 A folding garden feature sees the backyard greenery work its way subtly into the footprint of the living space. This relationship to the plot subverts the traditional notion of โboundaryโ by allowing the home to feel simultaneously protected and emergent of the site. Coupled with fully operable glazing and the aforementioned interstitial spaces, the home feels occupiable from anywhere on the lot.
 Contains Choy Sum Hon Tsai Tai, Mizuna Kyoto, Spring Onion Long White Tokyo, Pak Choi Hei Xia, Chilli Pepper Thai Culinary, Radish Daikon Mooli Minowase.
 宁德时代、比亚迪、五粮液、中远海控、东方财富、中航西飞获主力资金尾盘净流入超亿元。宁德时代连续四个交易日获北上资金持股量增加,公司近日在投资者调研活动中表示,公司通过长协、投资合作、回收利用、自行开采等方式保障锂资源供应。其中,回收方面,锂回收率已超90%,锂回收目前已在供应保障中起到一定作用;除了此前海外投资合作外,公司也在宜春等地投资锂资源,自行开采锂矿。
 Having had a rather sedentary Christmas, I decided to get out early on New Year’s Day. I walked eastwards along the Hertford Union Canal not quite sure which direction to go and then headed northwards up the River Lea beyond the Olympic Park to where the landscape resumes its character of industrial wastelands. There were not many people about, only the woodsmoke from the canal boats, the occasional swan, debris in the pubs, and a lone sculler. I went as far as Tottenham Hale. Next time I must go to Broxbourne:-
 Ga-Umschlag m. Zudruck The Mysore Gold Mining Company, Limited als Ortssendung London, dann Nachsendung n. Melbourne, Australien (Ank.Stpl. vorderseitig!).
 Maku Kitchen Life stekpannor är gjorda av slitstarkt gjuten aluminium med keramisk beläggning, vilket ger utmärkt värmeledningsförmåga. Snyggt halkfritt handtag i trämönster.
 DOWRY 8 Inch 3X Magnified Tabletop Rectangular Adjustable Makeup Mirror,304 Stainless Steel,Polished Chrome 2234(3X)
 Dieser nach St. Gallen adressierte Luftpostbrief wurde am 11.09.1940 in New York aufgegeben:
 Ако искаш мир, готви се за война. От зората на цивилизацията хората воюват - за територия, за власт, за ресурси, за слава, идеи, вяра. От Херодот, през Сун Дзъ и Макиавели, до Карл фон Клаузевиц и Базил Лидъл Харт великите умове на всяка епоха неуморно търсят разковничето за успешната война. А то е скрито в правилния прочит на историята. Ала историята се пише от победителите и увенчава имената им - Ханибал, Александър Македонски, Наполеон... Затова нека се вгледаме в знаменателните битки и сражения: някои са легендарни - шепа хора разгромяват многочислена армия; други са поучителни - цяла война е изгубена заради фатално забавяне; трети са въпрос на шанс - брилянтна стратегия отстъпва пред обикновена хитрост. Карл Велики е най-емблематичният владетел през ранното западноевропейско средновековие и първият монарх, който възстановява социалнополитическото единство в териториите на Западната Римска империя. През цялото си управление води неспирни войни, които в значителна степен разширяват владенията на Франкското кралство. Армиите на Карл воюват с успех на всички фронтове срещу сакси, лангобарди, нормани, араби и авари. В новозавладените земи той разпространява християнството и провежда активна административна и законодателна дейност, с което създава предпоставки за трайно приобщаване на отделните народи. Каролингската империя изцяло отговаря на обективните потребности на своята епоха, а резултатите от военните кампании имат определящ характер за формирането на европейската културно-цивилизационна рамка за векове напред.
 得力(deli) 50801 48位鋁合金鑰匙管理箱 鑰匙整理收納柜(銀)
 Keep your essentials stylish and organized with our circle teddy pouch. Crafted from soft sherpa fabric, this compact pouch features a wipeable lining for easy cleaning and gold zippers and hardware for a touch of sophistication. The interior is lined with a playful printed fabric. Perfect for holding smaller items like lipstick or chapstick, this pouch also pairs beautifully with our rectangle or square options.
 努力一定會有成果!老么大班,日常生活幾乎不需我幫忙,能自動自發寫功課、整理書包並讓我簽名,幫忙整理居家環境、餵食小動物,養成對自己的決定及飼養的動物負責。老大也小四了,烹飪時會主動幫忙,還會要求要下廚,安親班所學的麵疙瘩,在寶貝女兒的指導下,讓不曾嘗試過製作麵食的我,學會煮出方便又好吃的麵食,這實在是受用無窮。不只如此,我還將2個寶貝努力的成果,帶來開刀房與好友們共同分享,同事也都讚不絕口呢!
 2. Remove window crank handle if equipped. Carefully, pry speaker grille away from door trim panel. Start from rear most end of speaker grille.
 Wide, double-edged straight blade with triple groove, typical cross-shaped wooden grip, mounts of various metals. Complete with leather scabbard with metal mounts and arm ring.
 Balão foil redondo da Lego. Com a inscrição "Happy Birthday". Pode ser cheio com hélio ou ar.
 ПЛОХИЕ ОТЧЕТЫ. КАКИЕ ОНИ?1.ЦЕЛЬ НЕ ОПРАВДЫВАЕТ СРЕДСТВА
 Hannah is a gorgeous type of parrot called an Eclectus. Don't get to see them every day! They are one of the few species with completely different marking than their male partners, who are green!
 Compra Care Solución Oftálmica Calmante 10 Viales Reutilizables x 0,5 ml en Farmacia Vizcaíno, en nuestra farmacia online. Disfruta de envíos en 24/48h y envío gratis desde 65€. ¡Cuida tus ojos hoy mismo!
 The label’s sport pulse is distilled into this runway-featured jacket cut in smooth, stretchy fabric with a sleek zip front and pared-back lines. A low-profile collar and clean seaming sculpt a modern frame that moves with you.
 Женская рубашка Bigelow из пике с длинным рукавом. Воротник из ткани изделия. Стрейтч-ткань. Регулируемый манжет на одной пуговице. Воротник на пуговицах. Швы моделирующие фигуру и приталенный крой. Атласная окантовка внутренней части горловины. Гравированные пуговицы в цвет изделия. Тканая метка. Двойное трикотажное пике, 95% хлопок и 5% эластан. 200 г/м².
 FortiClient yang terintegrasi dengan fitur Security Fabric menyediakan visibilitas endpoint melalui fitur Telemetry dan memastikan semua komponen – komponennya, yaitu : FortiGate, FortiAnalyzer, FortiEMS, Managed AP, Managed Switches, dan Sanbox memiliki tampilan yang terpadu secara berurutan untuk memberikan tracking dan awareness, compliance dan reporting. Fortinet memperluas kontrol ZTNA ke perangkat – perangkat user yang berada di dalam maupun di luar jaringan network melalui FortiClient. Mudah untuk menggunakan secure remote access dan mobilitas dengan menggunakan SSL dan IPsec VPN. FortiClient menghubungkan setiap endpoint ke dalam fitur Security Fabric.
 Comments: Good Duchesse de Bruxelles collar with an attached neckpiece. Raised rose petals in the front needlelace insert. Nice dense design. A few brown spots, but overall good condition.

## ABOUT THIS EXERCISE
The whole listing should be copied verbatim.

## SOLUTION BELOW
 A folding garden feature sees the backyard greenery work its way subtly into the footprint of the living space. This relationship to the plot subverts the traditional notion of โboundaryโ by allowing the home to feel simultaneously protected and emergent of the site. Coupled with fully operable glazing and the aforementioned interstitial spaces, the home feels occupiable from anywhere on the lot.
 Contains Choy Sum Hon Tsai Tai, Mizuna Kyoto, Spring Onion Long White Tokyo, Pak Choi Hei Xia, Chilli Pepper Thai Culinary, Radish Daikon Mooli Minowase.
 宁德时代、比亚迪、五粮液、中远海控、东方财富、中航西飞获主力资金尾盘净流入超亿元。宁德时代连续四个交易日获北上资金持股量增加,公司近日在投资者调研活动中表示,公司通过长协、投资合作、回收利用、自行开采等方式保障锂资源供应。其中,回收方面,锂回收率已超90%,锂回收目前已在供应保障中起到一定作用;除了此前海外投资合作外,公司也在宜春等地投资锂资源,自行开采锂矿。
 Having had a rather sedentary Christmas, I decided to get out early on New Year’s Day. I walked eastwards along the Hertford Union Canal not quite sure which direction to go and then headed northwards up the River Lea beyond the Olympic Park to where the landscape resumes its character of industrial wastelands. There were not many people about, only the woodsmoke from the canal boats, the occasional swan, debris in the pubs, and a lone sculler. I went as far as Tottenham Hale. Next time I must go to Broxbourne:-
 Ga-Umschlag m. Zudruck The Mysore Gold Mining Company, Limited als Ortssendung London, dann Nachsendung n. Melbourne, Australien (Ank.Stpl. vorderseitig!).
 Maku Kitchen Life stekpannor är gjorda av slitstarkt gjuten aluminium med keramisk beläggning, vilket ger utmärkt värmeledningsförmåga. Snyggt halkfritt handtag i trämönster.
 DOWRY 8 Inch 3X Magnified Tabletop Rectangular Adjustable Makeup Mirror,304 Stainless Steel,Polished Chrome 2234(3X)
 Dieser nach St. Gallen adressierte Luftpostbrief wurde am 11.09.1940 in New York aufgegeben:
 Ако искаш мир, готви се за война. От зората на цивилизацията хората воюват - за територия, за власт, за ресурси, за слава, идеи, вяра. От Херодот, през Сун Дзъ и Макиавели, до Карл фон Клаузевиц и Базил Лидъл Харт великите умове на всяка епоха неуморно търсят разковничето за успешната война. А то е скрито в правилния прочит на историята. Ала историята се пише от победителите и увенчава имената им - Ханибал, Александър Македонски, Наполеон... Затова нека се вгледаме в знаменателните битки и сражения: някои са легендарни - шепа хора разгромяват многочислена армия; други са поучителни - цяла война е изгубена заради фатално забавяне; трети са въпрос на шанс - брилянтна стратегия отстъпва пред обикновена хитрост. Карл Велики е най-емблематичният владетел през ранното западноевропейско средновековие и първият монарх, който възстановява социалнополитическото единство в териториите на Западната Римска империя. През цялото си управление води неспирни войни, които в значителна степен разширяват владенията на Франкското кралство. Армиите на Карл воюват с успех на всички фронтове срещу сакси, лангобарди, нормани, араби и авари. В новозавладените земи той разпространява християнството и провежда активна административна и законодателна дейност, с което създава предпоставки за трайно приобщаване на отделните народи. Каролингската империя изцяло отговаря на обективните потребности на своята епоха, а резултатите от военните кампании имат определящ характер за формирането на европейската културно-цивилизационна рамка за векове напред.
 得力(deli) 50801 48位鋁合金鑰匙管理箱 鑰匙整理收納柜(銀)
 Keep your essentials stylish and organized with our circle teddy pouch. Crafted from soft sherpa fabric, this compact pouch features a wipeable lining for easy cleaning and gold zippers and hardware for a touch of sophistication. The interior is lined with a playful printed fabric. Perfect for holding smaller items like lipstick or chapstick, this pouch also pairs beautifully with our rectangle or square options.
 努力一定會有成果!老么大班,日常生活幾乎不需我幫忙,能自動自發寫功課、整理書包並讓我簽名,幫忙整理居家環境、餵食小動物,養成對自己的決定及飼養的動物負責。老大也小四了,烹飪時會主動幫忙,還會要求要下廚,安親班所學的麵疙瘩,在寶貝女兒的指導下,讓不曾嘗試過製作麵食的我,學會煮出方便又好吃的麵食,這實在是受用無窮。不只如此,我還將2個寶貝努力的成果,帶來開刀房與好友們共同分享,同事也都讚不絕口呢!
 2. Remove window crank handle if equipped. Carefully, pry speaker grille away from door trim panel. Start from rear most end of speaker grille.
 Wide, double-edged straight blade with triple groove, typical cross-shaped wooden grip, mounts of various metals. Complete with leather scabbard with metal mounts and arm ring.
 Balão foil redondo da Lego. Com a inscrição "Happy Birthday". Pode ser cheio com hélio ou ar.
 ПЛОХИЕ ОТЧЕТЫ. КАКИЕ ОНИ?1.ЦЕЛЬ НЕ ОПРАВДЫВАЕТ СРЕДСТВА
 Hannah is a gorgeous type of parrot called an Eclectus. Don't get to see them every day! They are one of the few species with completely different marking than their male partners, who are green!
 Compra Care Solución Oftálmica Calmante 10 Viales Reutilizables x 0,5 ml en Farmacia Vizcaíno, en nuestra farmacia online. Disfruta de envíos en 24/48h y envío gratis desde 65€. ¡Cuida tus ojos hoy mismo!
 The label’s sport pulse is distilled into this runway-featured jacket cut in smooth, stretchy fabric with a sleek zip front and pared-back lines. A low-profile collar and clean seaming sculpt a modern frame that moves with you.
 Женская рубашка Bigelow из пике с длинным рукавом. Воротник из ткани изделия. Стрейтч-ткань. Регулируемый манжет на одной пуговице. Воротник на пуговицах. Швы моделирующие фигуру и приталенный крой. Атласная окантовка внутренней части горловины. Гравированные пуговицы в цвет изделия. Тканая метка. Двойное трикотажное пике, 95% хлопок и 5% эластан. 200 г/м².
 FortiClient yang terintegrasi dengan fitur Security Fabric menyediakan visibilitas endpoint melalui fitur Telemetry dan memastikan semua komponen – komponennya, yaitu : FortiGate, FortiAnalyzer, FortiEMS, Managed AP, Managed Switches, dan Sanbox memiliki tampilan yang terpadu secara berurutan untuk memberikan tracking dan awareness, compliance dan reporting. Fortinet memperluas kontrol ZTNA ke perangkat – perangkat user yang berada di dalam maupun di luar jaringan network melalui FortiClient. Mudah untuk menggunakan secure remote access dan mobilitas dengan menggunakan SSL dan IPsec VPN. FortiClient menghubungkan setiap endpoint ke dalam fitur Security Fabric.
 Comments: Good Duchesse de Bruxelles collar with an attached neckpiece. Raised rose petals in the front needlelace insert. Nice dense design. A few brown spots, but overall good condition.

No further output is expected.